How is that even possible?


Solution

  • it casts a Struct -> unsigned char pointer and combine it to sizeof other struct, which means unsigned char pointer is an integer?

    void *hashtable_of(HashTbl *ht)
    {
        return (unsigned char *)ht->data + sizeof(Header);
    }
    

    Not quite. Code is starting with one pointer, ht and determining another pointer, the return pointer.

    There is not cast of a struct. There is a cast of a unsigned char *.

    There are no integers in this code aside from sizeof(Header).


    Let us take it in steps:

    The pointer ht has member .data which is de-referenced by ht->data. That results in a void *.

    The void * is cast to an unsigned char pointer.

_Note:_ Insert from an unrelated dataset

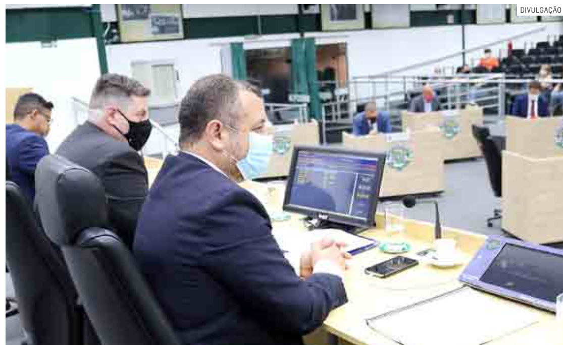
Para ganhar o selo "Escola Amiga do Autista", será preciso demonstrar ações tanto entre alunos como entre funcionários e prestadores de serviços

Da Redação | PAULÍNIA tribunaliberal@tribunaliberal.com.br

    Next, code performs pointer addition with ... + sizeof(Header). Pointer addition is like integer addition, yet has differences. Here the addition of a pointer and integer results in another unsigned char pointer that is sizeof(Header) bytes (unsigned char) further along in memory.

    Lastly this unsigned char pointer is converted to a void * as part of the return.


    hashtable_of() overall usage is unclear without the surrounding code.


    void pointer in C seems like interface{} in Go, which could be cast to any type.

    Almost. A void pointer can be cast to any object pointer with restrictions of value validity and alignment. A void pointer may be insufficient to represent a function pointer though. C lacks a 100% portable universal pointer.